Допустим, что Борух не взял бы главного приза на конкурсе знатоков языка его предков, но приглашение к диалогу на русском я все ж твердо отклоняю непроизнесением пароля. С гордостью должен сообщить, что я не ведусь на их стремление быть мне понятными. Я подозреваю в нем стремление самим не запутаться. Может, я и не прав.
Всучиватель еще не в ужасе, однако начинает волноваться и чувствует смутное беспокойство.
— О, — продолжаю я, резко меняя тон, — расскажите мне поподробней о вашем предложении, поскольку волей случая я как раз ищу что-то подобное, по подходящей цене и с хорошими условиями оплаты, а в стране Израиля очень редко с устройствами такого качества и назначения. Да и приятно пообщаться с коллегой. Несмотря на круглосуточную занятость. Я очень тяжело работаю!
Ощущение подвоха у Всучивателя обретает определенность. Ему-то известно, что подобную хренотень продают еще примерно двести четырнадцать лохоуловителей только в нашем с ним небольшом городе, а специалистов в этой области не бывает в принципе, поскольку данная область знаний вообще отсутствует.
«Какая, на хрен, редкость, какой, в жопу, коллега?» — думает он своей одной незасохшей извилиной, одновременно испытывая некоторые муки совести, что избрал легкий путь обогащения, и наконец находит, как ему сдается, способ повернуть разговор в нужном направлении.
— Спрашивал я вопрос, какое имеете у вас образование?
«Есть!» — ликую я и лениво переспрашиваю:
— Вам какое, израильское или за границей?
У-у-у-у-у-у-у, тоскует продавец, уже жалея, что связался, и в отчаянии бросает последний резерв:
— А сколько время ты в стране?
«Тю, — думаю про себя, — какие вы предказуемые, каз-злы, хоть бы кто чего нового придумал», — и отвечаю:
— Ах, как летит время. Восемнадцать лет. Если не считать тех десяти, что я провел в США. Ну давайте, рассказывайте, раз я уже все равно не сплю.
Теперь он уверен, что счетчик телефонных разговоров мотает его шекели бессмысленно, он знает, что ничего не продаст, дичь слишком велика и проворна для него, но он же не знает, что я не запомнил названия его лохконторы и не позвоню туда пожаловаться, что агент бросил в меня трубкой. А что такого можно ожидать от разочарованного плохим обхождением израильтянина со стажем, ему о-го-го как известно, не раз его на курсах шугали таким поворотом, натаскивая ни в коем случае не грубить. Поэтому ему приходится терпеливо и безнадежно грузить мне весь репертуар полностью на неудобном ему языке и за его собственный счет, который теперь никому не выставишь.
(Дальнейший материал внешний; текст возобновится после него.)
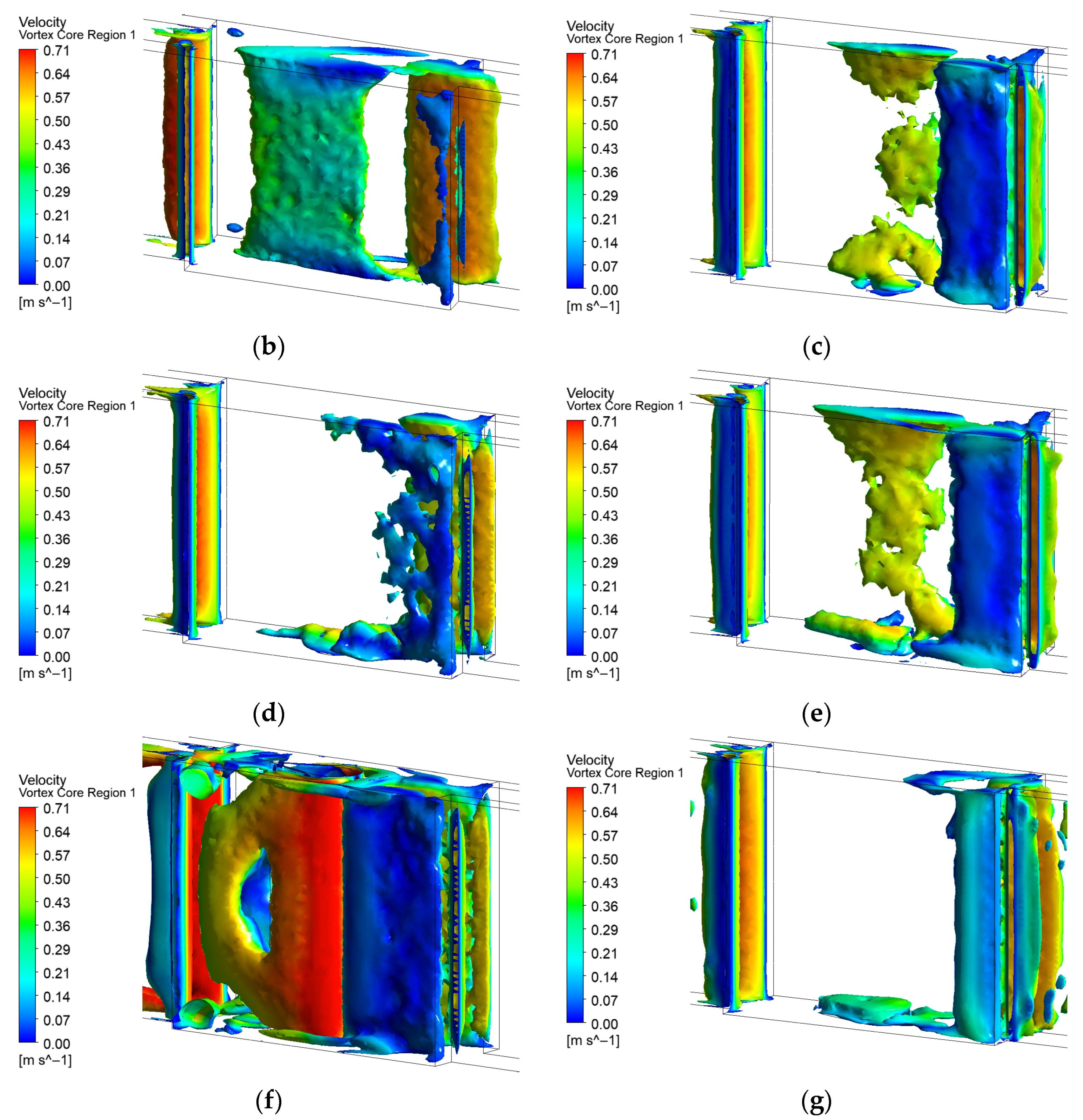 3.1. Vortex and Flow Field Distributions of Different Turbulator Configurations
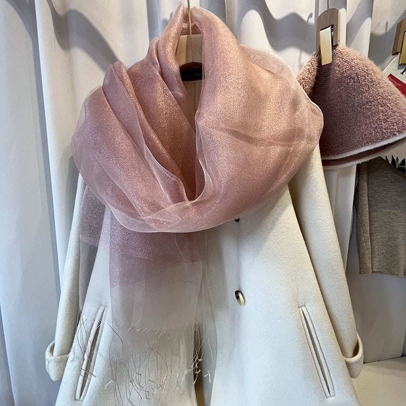 2022 봄과 가을 원피스 숄 더블 레이어 대비 골드 실크 술 실크 오간자 스카프 뽕나무 실크 롱 스카프스토어 가기
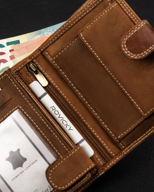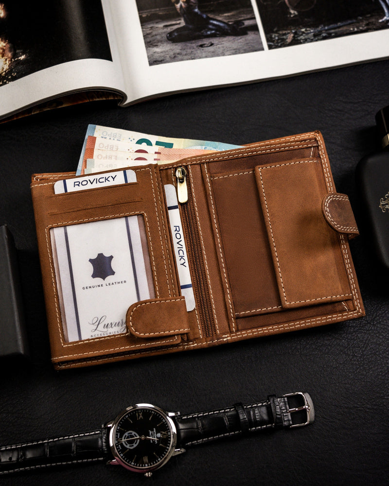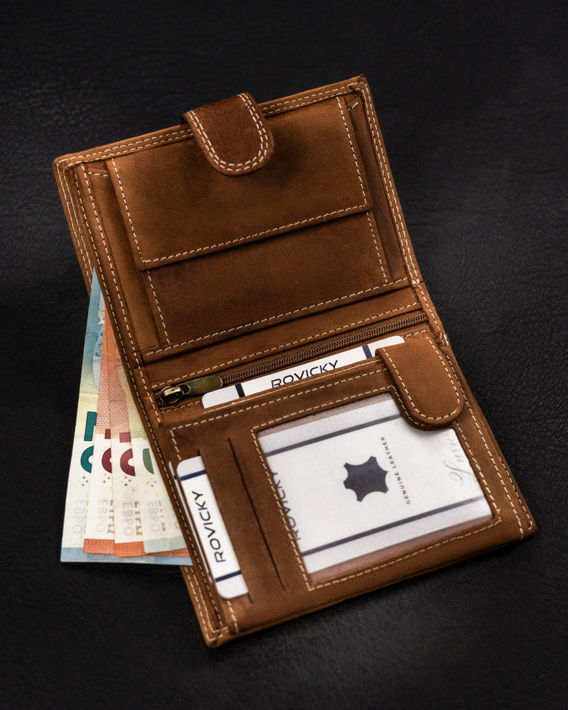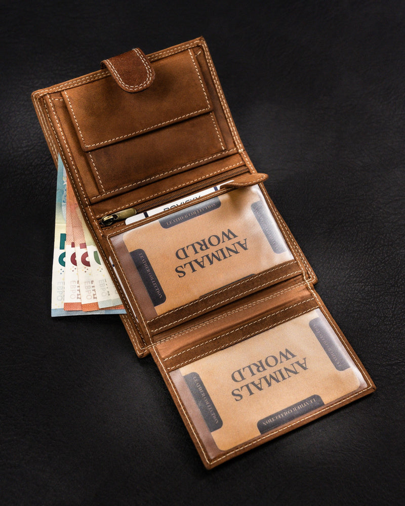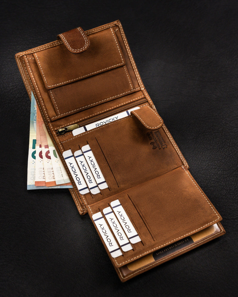 Ši elegantiška ir funkcionali piniginė yra puikus pasirinkimas vyrams, vertinantiems kokybę ir stilių. Pagaminta iš natūralios zomšos ir nubuko odos, ji užtikrina ilgaamžiškumą ir patogumą. Šviesiai ruda spalva suteikia klasikinį ir universalų įvaizdį, tinkantį įvairioms progoms. Piniginė turi RFID apsaugą, kuri padeda apsaugoti jūsų korteles nuo nepageidaujamo nuskaitymo. Su 6-10 kortelių skyriais, ji suteikia pakankamai vietos visiems jūsų svarbiausiems dokumentams. Dydis 13 cm x 9,5 cm x 2,5 cm leidžia patogiai laikyti piniginę kišenėje ar krepšyje.
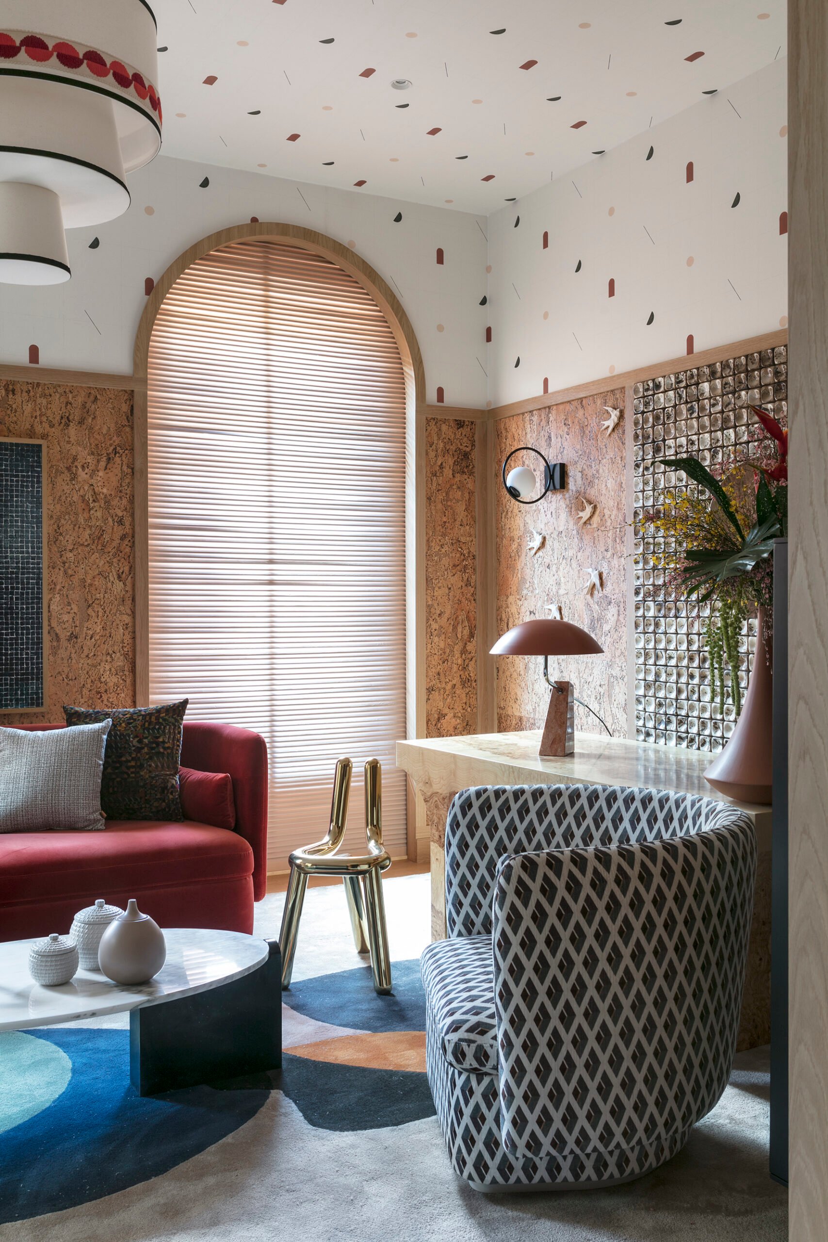 Vimos isso na Casa Decor 2019 no espaço idealizado por Erico Navazo, onde o lambril, feito em grande escala, pois o designer queria que ele correspondesse à altura da janela, criou um movimento e um calor espetaculares.

Так, за разговорами, мы мило проводим минут двадцать, я уточняю мелкие частности, рассказываю ему о своих проблемах с недвижимостью и на бирже, потом мне надоедает, и мы расстаемся. Счастливые оба. Причем в его словах прощания я отчетливо слышу надежду более никогда не сталкиватья со всякими до хрена умными и сожаление, что за эти полчаса (ага, уже полчаса он меня веселит и сам за это платит) он бы уже накидал в ягдташ с десяток доверчивых пенсионерок из Бердичева.
Я, удовлетворенный беседой (разве я не спас нескольких старушек?), рысцой отправляюсь обратно в супружескую койку, мой дневной приют, но заряд бодрости, полученный от общения с перспективным полиглотом и заодно представителем международной фирмы, не дает мне отрубиться. Я берусь за книжку и, постепенно успокаиваясь, изящной рыбкой сползаю в нежные глубины сна, где лазурная пена и тепло, тепло, тепло, я пускаю пузыри своими розовыми жабрами и лениво помаваю плавниками…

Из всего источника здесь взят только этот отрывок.